Missingness Dependency: MAR vs MCAR Imputation Tests

For our analysis of missingness, we decided to look at the missingness of CAUSE.CATEGORY.DETAIL. 30.7% of this column is missing values, so its missingness is not non-trivial.

YEAR

The first column we decided to analyze the missingness of CAUSE.CATEGORY.DETAIL on, was YEAR, and our hypotheses are as follows:

Null Hypothesis: The missingness of CAUSE.CATEGORY.DETAIL does not depend on YEAR with a significance level of 0.05.

Alternative Hypothesis: The missingness of CAUSE.CATEGORY.DETAIL does depend on YEAR with a significance level of 0.05.

We calculated the TVD of the proportions of missing and not missing details per year and got an observed TVD of 0.2775. Looking at two distributions for missing and not missing, it seems as though they are extremely different. Which might suggest that the missingness of CAUSE.CATEGORY.DETAIL relies on the values of YEAR.

After running 100,000 permutations on the CAUSE.CATEGORY.DETAIL column and computing the TVDs between missing and not missing for each YEAR, we got a p-value of 0, meaning that none of the permutations resulted in a TVD as large as the observed TVD.

Since our p-value (0.0) is lower than our significance level (0.05), we reject the null hypothesis, so it is possible that the missingness of CAUSE.CATEGORY.DETAIL depends on YEAR so the missingness is MAR in relation to CAUSE.CATEGORY.DETAIL.

OUTAGE.START.TIME

The next column we decided to analyze the missingness of CAUSE.CATEGORY.DETAIL on, was OUTAGE.START.TIME, and our hypotheses are as follows:

Null Hypothesis: The missingness of CAUSE.CATEGORY.DETAIL does not depend on OUTAGE.START.TIME

Alternative Hypothesis: The missingness of CAUSE.CATEGORY.DETAIL does depend on OUTAGE.START.TIME

Since OUTAGE.START.TIME is in the format HH:MM:SS, we decided to convert the times in a unit of seconds since 00:00:00. From there, we split up the data into to Series: One where CAUSE.CATEGORY.DETAIL was missing and one where it wan’t missing. We then ran a K-S 2 sample test(since the distributions were quantitative/numeric) on the two Series of data and got the following CDFs.

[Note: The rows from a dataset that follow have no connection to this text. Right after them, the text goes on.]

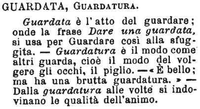 | Occhiata, Guardata, Occhiataccia - Occhiata è sguardo furtivo gettato a disegno. - «Gli dava certe occhiate, che svelavano l'animo suo.» - Quando invece l'occhiata è significativa di odio, disprezzo, o simili, allora è occhiataccia. - La Guardata è l'atto della vista che si ferma sopra un oggetto tanto tempo quanto basta a conoscerne la qualità. [immagine] |
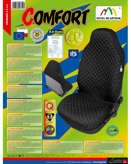 Poťah COMFORT to je jedinečná kombinácia prírodnej bavlnenej látky s klimatizačnými zriasenými vláknami, vďaka tomu je poťah skutočne silný a k tomu mäkký a pružný. Užívateľovi umožňuje pohodlne sa do neho ponoriť a cesta je vďaka tomu príjemnejšia. Materiál sa vyznačuje vysokou, takmer 100% stálosťou farby a odolnosťou voči odfarbeniu, predratiu, blednutiu. Je silný, pevný a odolný a zároveň veľmi jemný na dotyk, skoro ako čistá bavlna. Poťah zaisťuje efektívnu izoláciu - v lete sa len slabo zahrieva a v lete izoluje pred chladom. Poťah COMFORT efektívne chráni sedadlo pred poškodením a pred znečistením. Poťah veľmi dobre plní svoju ochrannú funkciu, pretože kryje celé sedadlo spoločne s bokmi a opierkou hlavy. Ochrana opierky hlavy je spojená s celým poťahom, vďaka tomu sedadlo po nasadení vyzerá skvele a takmer ako sedadlo v lietadle. Zaisťuje bezpečnosť, pretože je prispôsobený pre sedadlá s bočnými airbagmi. Môže byť použitý tak na sedadlách vodiča, ako aj spolujazdca, pretože bezpečný šev, ktorý sa roztrhne počas vystrelenia airbagu, je všitý tak na ľavej, ako aj na pravej strane. Poťah je vyrobený v univerzálnej veľkosti, vďaka tomu sa hodí na väčšinu štandardných auto sedadiel. Produkt sa veľmi ľahko inštaluje a čistí.
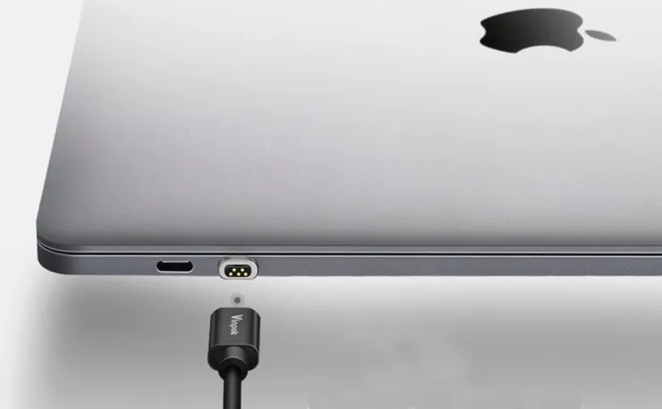 Come altre soluzioni simili il MagSafe alternativo di Vinpok è costituito da un connettore USB-C in metallo da inserire e lasciare nella porta USB-C del portatile. Il cavo abbinato incluso è dotato di magneti che mantengono il collegamento ma che si possono sganciare in caso di strattoni al filo, evitando rovinose cadute del notebook.
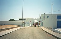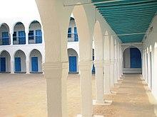 The ancient El Ghriba Synagogue (Arabic: كنيس الغريبة), also known as the Djerba Synagogue, is located on the Tunisian island of Djerba. It is situated in the Jewish village of Hara Seghira (currently known as er-Riadh), several kilometres southwest of Houmt El Souk, the main town of Djerba.
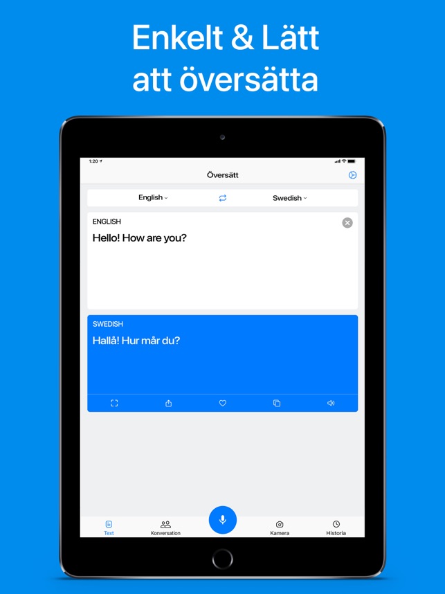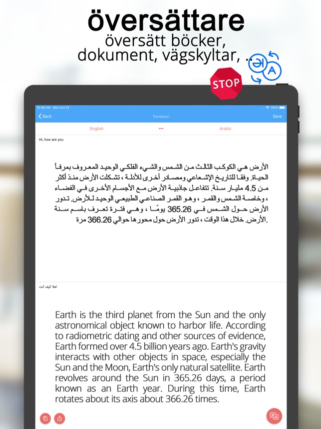 Översätta text på ett foto eller en bild. Appen för dig som vill skanna text och få den översatt till redigerbar text redo att skickas iväg direkt. Dutta på mitten ikonen.

The p-value from this K-S 2 sample test was 0.1049, which is greater than our significance level of 0.05. Rherefore we fail to reject the null – it is possible that the missingness of CAUSE.CATEGORY.DETAIL does not depend on OUTAGE.START.TIME , so the missing values in the column CAUSE.CATEGORY.DETAIL is MCAR in relation to OUTAGE.START.TIME.

Hypothesis Test


Finally for the hypothesis test. During the bivariate analysis we noticed that there seemed to be a difference between if a power outage would be more likely to occur during summer or winter depending on the climate region a person lived in. Could this be due to random chance? Specifically, we are testing the question: Does climate region power outage distribution across winter and summer seasons differ?

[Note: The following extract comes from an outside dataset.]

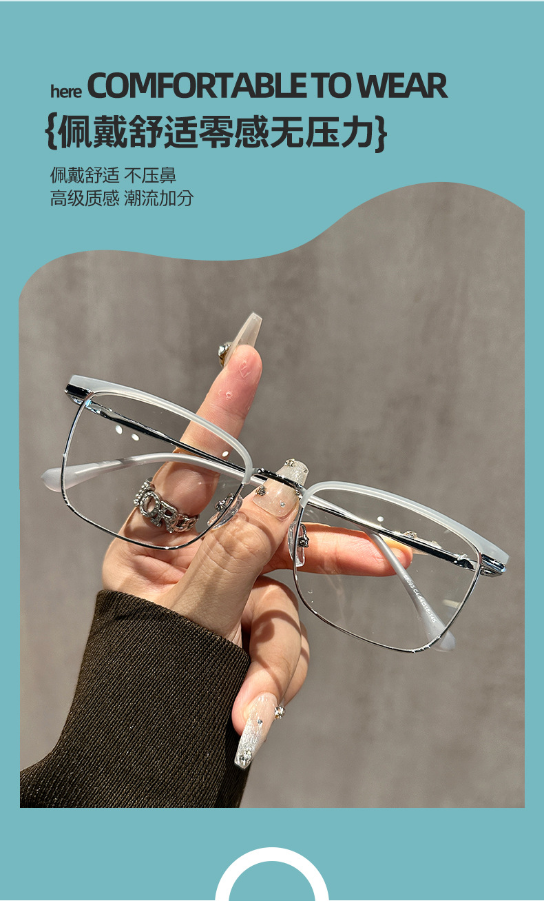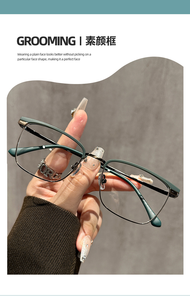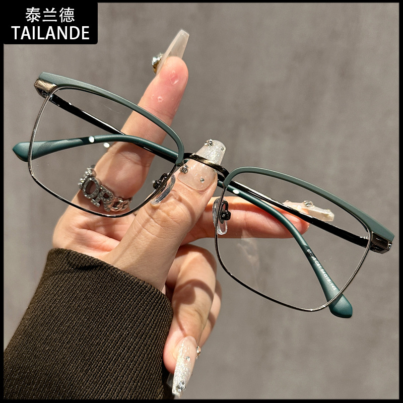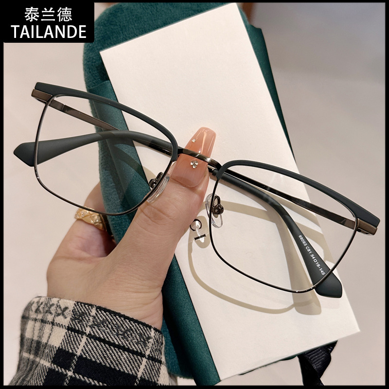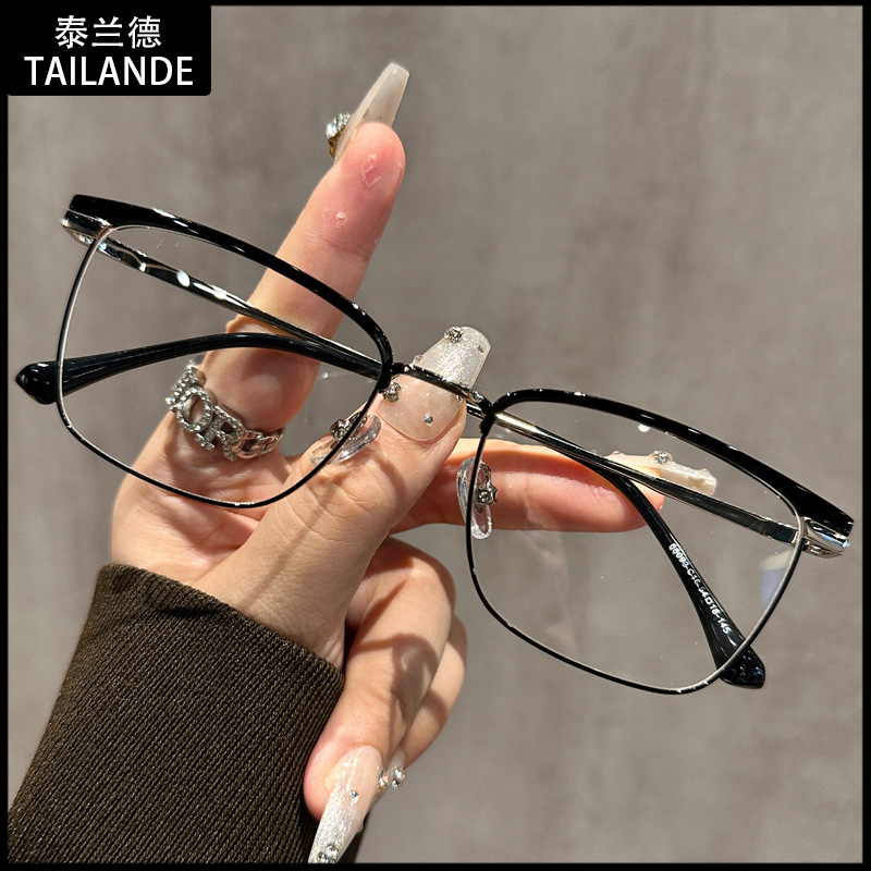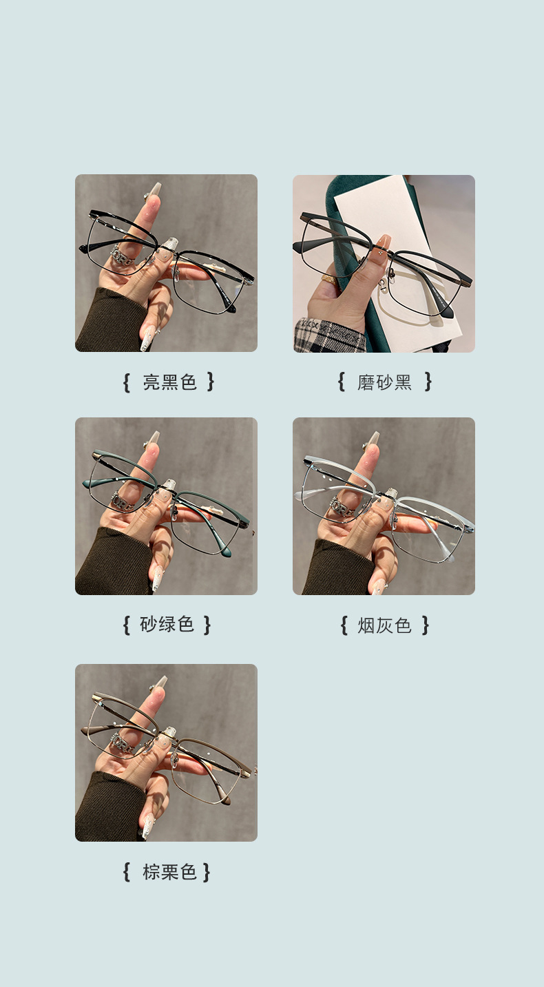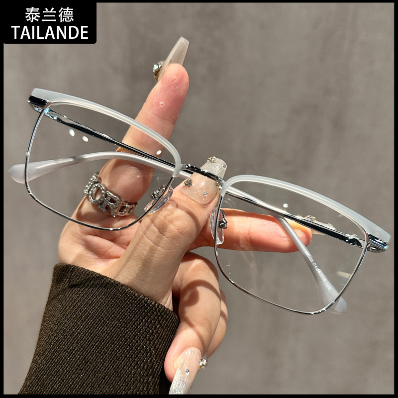 68093 레트로 모던 메탈 하프 프레임 비즈니스 근시 안경테 여성 남성 가을 겨울 브라운 밀크색 다용도 무도수 안경

We set up our experiment like this:

Hypotheses

Null Hypothesis:

In the population, the distribution of power outages for US climate regions are the same between summer and winter, and the observed differences in our sample are due to random chance.

Alternative Hypothesis:

In the population, the distribution of power outages of US climate region groups are different for summer and winter.

Testing

Our test statistic was total variation distance (TVD) because we were looking at two different categorical distributions and how they differed from each other. We set our significance level to the standard level of 0.05. That is, we are aiming for a 95% confidence level. For this experiment we used a permutation test because we are testing to see if two different sample distributions come from the same population distribution.

Results

Aftering running the permutation test, our p-value came to be around 0.0016.

Our p-value was less than our set significance level (0.0016 < 0.05), so we reject the null in favor of the alternative hypothesis. It is possible that in the US, a person can experience differing levels of summer or winter power outages based on what U.S. climate region they live in.